Sridhar Vembu. File

Sridhar Vembu. File
| Photo Credit: Bijoy Ghosh

Global technology firm Zoho co-founder Sridhar Vembu’s estranged wife Pramila Srinivasan has approached the Madras High Court with a plea to honour a Letters Rogatory (a request for international judicial assistance) issued by the Superior Court of California in the United States, where a divorce case between the couple was pending, for recording the evidence of witnesses residing in India.

Justice P. Dhanabal has directed the High Court Registry to issue notice, returnable by February 23, 2026 to Mr. Vembu, who had shifted his residence from Pleasonton in California to Tenkasi at Tirunelveli district in Tamil Nadu. The notice has been ordered to be issued in all three applications filed by Ms. Srinivasan with separate but interconnected prayers related to the Letters Rogatory.

In her first application, Ms. Srinivasan urged the High Court to appoint either a senior advocate or a retired judge as a local commissioner to record the testimonies of nine individuals including Mr. Vembu and his relatives, whom she had arrayed as respondents/witnesses, as well as that of Zoho Corporation Private Limited based at Estancia IT park at Vallancherry in Chengalpattu district.

The applicant said, the Superior Court of California had passed an order on October 2, 2025 for recording the testimonies of the witnesses on oath and also permitted collection of relevant documents from them. She said, the Letters Rogatory too had been issued for that purpose since all those witnesses were residing outside the territorial jurisdiction of the American court.

In her second application, Ms.

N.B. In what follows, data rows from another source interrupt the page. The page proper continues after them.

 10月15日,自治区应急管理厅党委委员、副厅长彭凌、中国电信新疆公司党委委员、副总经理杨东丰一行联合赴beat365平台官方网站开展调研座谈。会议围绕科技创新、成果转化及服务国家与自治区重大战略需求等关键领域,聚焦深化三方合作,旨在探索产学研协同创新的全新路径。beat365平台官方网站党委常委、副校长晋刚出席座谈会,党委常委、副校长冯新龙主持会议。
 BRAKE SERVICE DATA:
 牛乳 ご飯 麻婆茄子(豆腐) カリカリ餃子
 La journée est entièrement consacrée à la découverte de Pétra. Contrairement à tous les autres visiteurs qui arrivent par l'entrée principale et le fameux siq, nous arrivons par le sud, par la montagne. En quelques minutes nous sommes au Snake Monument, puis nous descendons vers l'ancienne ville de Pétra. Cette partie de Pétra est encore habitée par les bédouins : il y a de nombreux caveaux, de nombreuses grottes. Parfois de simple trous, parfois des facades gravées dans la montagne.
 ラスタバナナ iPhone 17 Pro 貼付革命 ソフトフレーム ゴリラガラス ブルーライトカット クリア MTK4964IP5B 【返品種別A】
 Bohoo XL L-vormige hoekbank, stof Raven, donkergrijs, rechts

Srinivasan urged the High Court to confer special powers upon the local commissioner so that he/she could summon all nine individuals as well as the authorised person representing Zoho Corporation, administer oath to them and record their testimony as per the California Code of Civil Procedure and also the Indian laws besides directing them to produce the relevant documents.

The applicant insisted that her counsel from the United States must also be allowed to examine or cross examine the witnesses, through video conferencing, in the presence of the local commissioner and insisted that the depositions must be recorded verbatim in writing. She wanted the local commissioner to record the testimony, collect relevant documents and also other evidences related to her case.

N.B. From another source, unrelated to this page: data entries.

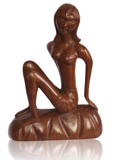 The master wood carver has captured the force of the lover's passion in a suar wood image.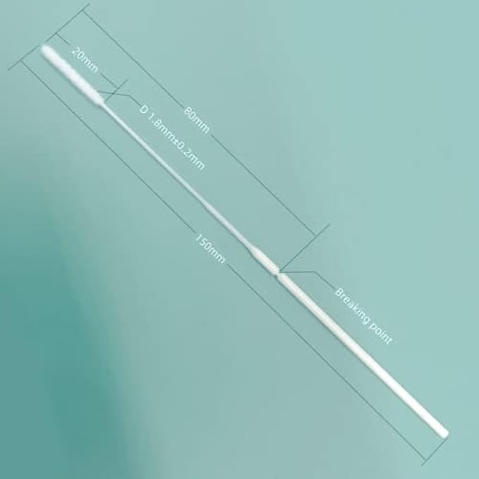 Easy Break point and flexible rod made out of ABS plastic designed for a safe user experience. The swab is 150mm in length with a break point of 80mm.
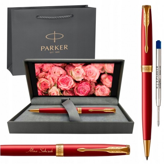 Zestaw prezentowy długopis Parker Sonnet Red Lacquer GT z grawerem na Dzień Kobiet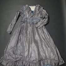 Charcoal gray taffeta long dress - long sleeves with snap closure and 4 self covered button trim. Peplum style cummerbund with blue stitching and a robin's egg blue velvet dickie. A double ruffle at bottom - one of gray and one of blue with rough cut edges.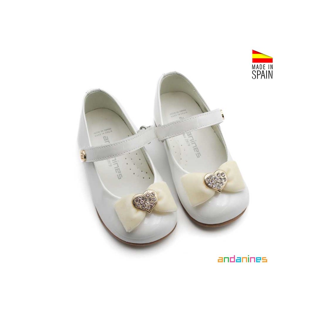 Su acabado en charol blanco aporta un toque elegante y fácil de combinar, mientras el lazo de terciopelo en la puntera suma dulzura y estilo.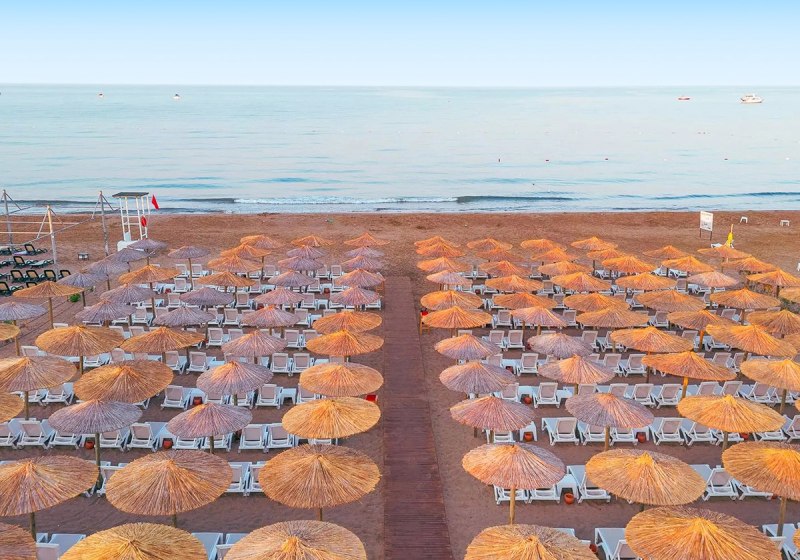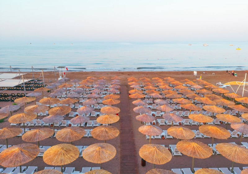 In Side‑Kumköy wohnt Ihr nahe Einkaufs‑ und Unterhaltungsmöglichkeiten, mit Minibus‑ und Taxistand in Hotelnähe. Der private Sandstrand liegt etwa 1,7 Kilometer entfernt und wird bequem per Strandshuttle erreicht. Vor Ort erwartet Euch eine Strandkulisse mit Liegen, Sonnenschirmen und Badetüchern – praktisch organisiert und gut angebunden.

The third application had been filed seeking a direction to the local commissioner to transmit his/her report along with the recorded testimony, documents, evidence and any other material or information collected during the proceedings directly to the Superior Court of California’s address mentioned in the Letters Rogatory. She insisted that those materials should be sent in a sealed cover.

Letters Rogatory

It is common for courts across the globe to issue Letters Rogatory to each other seeking judicial assistance. In 2025, the Madras High Court had rejected a Letters Rogatory issued by the district court of Delaware in the United States for securing oral and documentary evidence from a Chengalpattu-based pharmaceutical company in connection with a patent dispute between Pfizer and Cipla.

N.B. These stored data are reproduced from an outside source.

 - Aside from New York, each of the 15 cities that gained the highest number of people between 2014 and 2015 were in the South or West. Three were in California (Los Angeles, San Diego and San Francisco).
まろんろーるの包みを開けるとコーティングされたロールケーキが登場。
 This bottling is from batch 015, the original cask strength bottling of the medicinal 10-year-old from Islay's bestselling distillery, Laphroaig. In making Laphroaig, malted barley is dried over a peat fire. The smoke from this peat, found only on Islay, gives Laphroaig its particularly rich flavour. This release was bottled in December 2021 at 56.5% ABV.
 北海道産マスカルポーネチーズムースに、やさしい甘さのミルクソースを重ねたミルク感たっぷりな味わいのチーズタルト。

In that case, allowing an appeal preferred against a single judge’s order, a Division Bench of Justices G. Jayachandran and Mummineni Sudheer Kumar of the High Court held that the Letters Rogatory issued by the U.S. court on May 13, 2024 could not be honoured since Article 23 of the Hague Convention permits signatory countries to refuse requests that were in the nature of pre-trial discovery of evidence.